Question: How much more do halal tech ETFs cost than QQQM or XQQ?

Answer: QQQM charges 0.15% and XQQ charges a 0.39% MER, against 0.45% for SPUS, 0.50% for HLAL, and 0.55% for SPTE. On a $100K position, SPTE costs $550 per year versus $150 for QQQM — a $400 annual compliance premium — and versus $390 for XQQ, a gap of only $160 per year. That second comparison matters for Canadian investors: if you were going to buy your Nasdaq exposure through the CAD-hedged XQQ anyway, the cost of switching to a genuinely screened fund is small. The premium pays for the index licensing, the Shariah supervisory review, and the smaller asset base these funds operate on.
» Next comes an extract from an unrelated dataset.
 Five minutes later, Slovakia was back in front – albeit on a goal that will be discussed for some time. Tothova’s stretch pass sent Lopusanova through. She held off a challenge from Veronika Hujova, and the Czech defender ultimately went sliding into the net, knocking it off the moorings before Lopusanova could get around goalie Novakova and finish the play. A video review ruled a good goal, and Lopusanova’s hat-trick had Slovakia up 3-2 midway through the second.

As halal fund assets grow, fees should compress — SPUS has already crossed $2 billion in assets — but for now the premium is real and worth stating plainly.

Question: Is it wise to put my whole portfolio in a halal tech ETF?
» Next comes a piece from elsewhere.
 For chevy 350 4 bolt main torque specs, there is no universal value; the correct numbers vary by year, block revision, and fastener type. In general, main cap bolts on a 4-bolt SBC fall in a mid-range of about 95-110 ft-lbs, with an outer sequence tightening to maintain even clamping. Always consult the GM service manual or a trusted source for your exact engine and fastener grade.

Answer: No — and this is an investing judgment, not a compliance one. SPTE concentrates roughly 65% of the fund in its top ten holdings, and a pure tech fund lives and dies with one sector's cycle: the Nasdaq-100 lost roughly a third of its value in 2022, and a Shariah-screened tech fund would have ridden a similar drawdown. The screened US funds are already structurally tech-heavy — SPUS runs about 40% technology and HLAL about 51% — so even a diversified halal portfolio gives you far more tech exposure than a conventional balanced fund would. A defensible structure is a diversified screened core (SPUS, HLAL, or WSHR) making up 75-90% of the portfolio, with SPTE as a 10-25% satellite if you have a deliberate conviction in global technology. Going beyond that is a concentration decision you should make with full awareness of the drawdown math.

Question: Do I still need to purify income from a halal tech ETF?

Answer: Yes. Passing the AAOIFI screen does not mean a company earns zero impermissible income — the Stage 2 threshold allows up to 5% of total income from non-compliant sources, typically interest earned on corporate cash. AAOIFI methodology requires purifying the portion of your return attributable to that incidental income by donating it to charity, and under the strict AAOIFI position this applies whether or not the fund pays dividends. The fund issuers and the major screening platforms publish purification estimates — check the issuer's documentation or run the fund through Musaffa or Zoya for a per-share purification figure. The amounts on a screened tech fund are small because the underlying companies derive almost all revenue from permissible operations, but small is not zero, and the obligation does not disappear because the fund carries a halal label.